Three Sisters, on Kickstarter now, is a new roll & write and the latest game from Ben Pinchback and Matt Riddle, two of our favorite designers behind such staples of our collection as Morocco, Fleet, and Piepmatz. Three Sisters isn’t the dynamic designer duo’s first foray into the genre of Roll & Write games, but have they managed to create another game destined to become part of our permanent collection? Find out as we plant, water, and harvest our way through this Kickstarter preview of Three Sisters!
We received a prototype of Three Sisters for this preview, with the right to request a finished copy. We weren’t otherwise compensated.

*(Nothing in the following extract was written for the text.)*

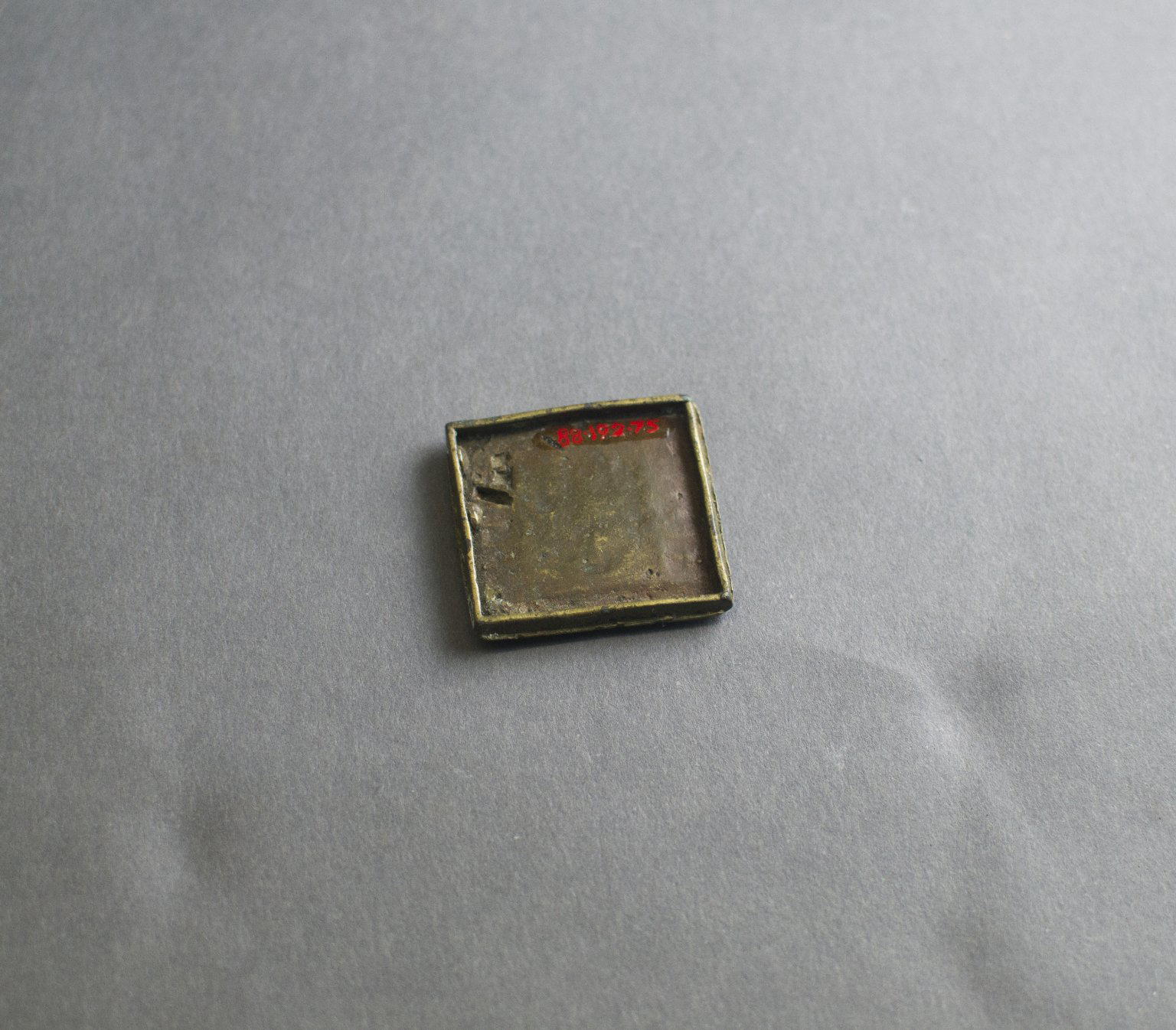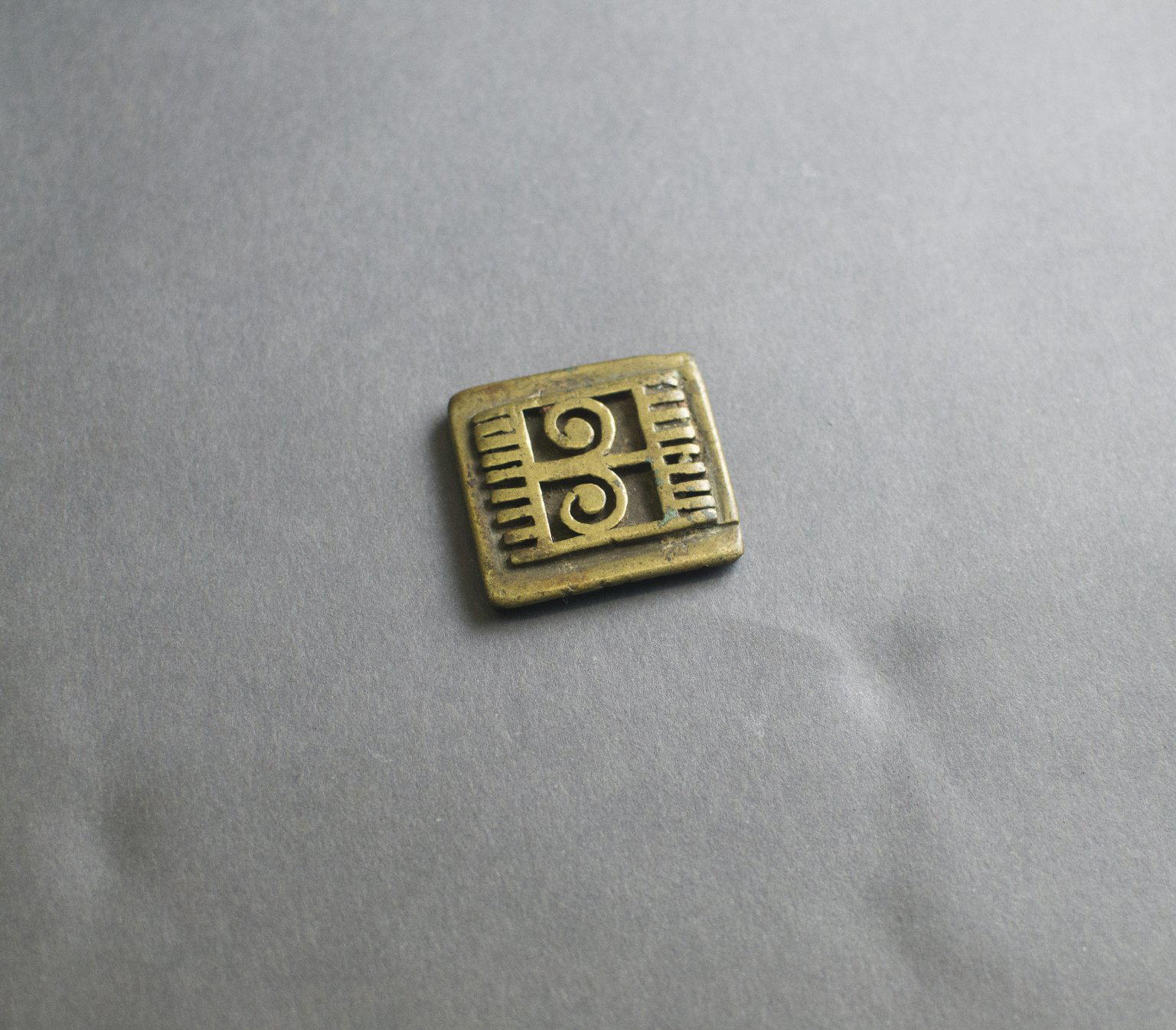 Akan. Gold-dust Box Lid, 19th–20th century. Copper alloy, 1 5/8 x 1 1/2 x 1/8in. (4.1 x 3.8 x 0.3cm) mount: 2 3/4 × 1 1/2 × 1 1/2 in. (7 × 3.8 × 3.8 cm). Brooklyn Museum, Gift of Mr. and Mrs. Franklin H. Williams, 88.192.75. (Photo: Brooklyn Museum)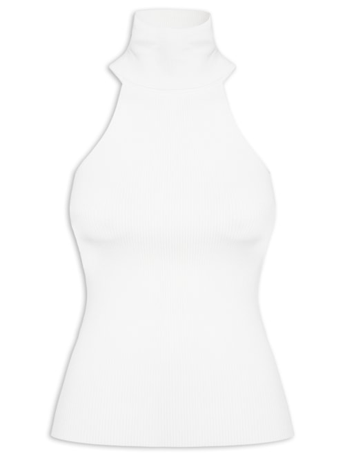 Top Gola Alta Cava Tricot - Branco

In Three Sisters, you’ll be spending the summer developing your garden by planting corn, beans, and pumpkins, the titular trio of crops that have a natural synergy when planted in the same fields. Over the course of the game, you’ll be selecting dice from a turn tracker and using those dice to tend to your fields, as well as take advantage of bonus actions which will help you in your horticultural endeavors. At the end of the game, it’ll be the gardener who’s amassed the biggest point pile who will be declared winner!
Each round, the lead player rolls the dice and assigns them to the action rondel. On your turn, you’ll claim one of the dice and take a gardening action, which will either be to plant in a zone (marking off the first box for up to two plants) or you’ll water a zone, which marks off the next-highest blank in all plants that have been previously planted in that zone.
Once you’ve gardened, you’ll also take the rondel action of the space where you took the die from. These actions will let you do extra gardening, mark off items in your shed, get bonuses from the Farmer’s Market, and tend to your flowers, perennials, apiary, and fruit trees. Finally, after all players have taken their actions, all players will take an additional action based on the movement of Farmer Edith, a helpful neighbor who wanders around the roundel every round.
At the end of each round, the Event phase triggers, and all players will benefit from either rain, the Farmer’s Market, or bonus shed actions. Planning ahead to take advantage of these actions is a great way of getting the most out of every round.
Much like their previous roll & write, Fleet: The Dice Game, Three Sisters delivers roll & write gameplay that is thinkier than many games in the genre (as evidenced by the double-wide sheet you’ll be working with). Instead of just being focused on how best to allocate a given action, you’ll really want to think in terms of chains in order to maximize your per-turn actions.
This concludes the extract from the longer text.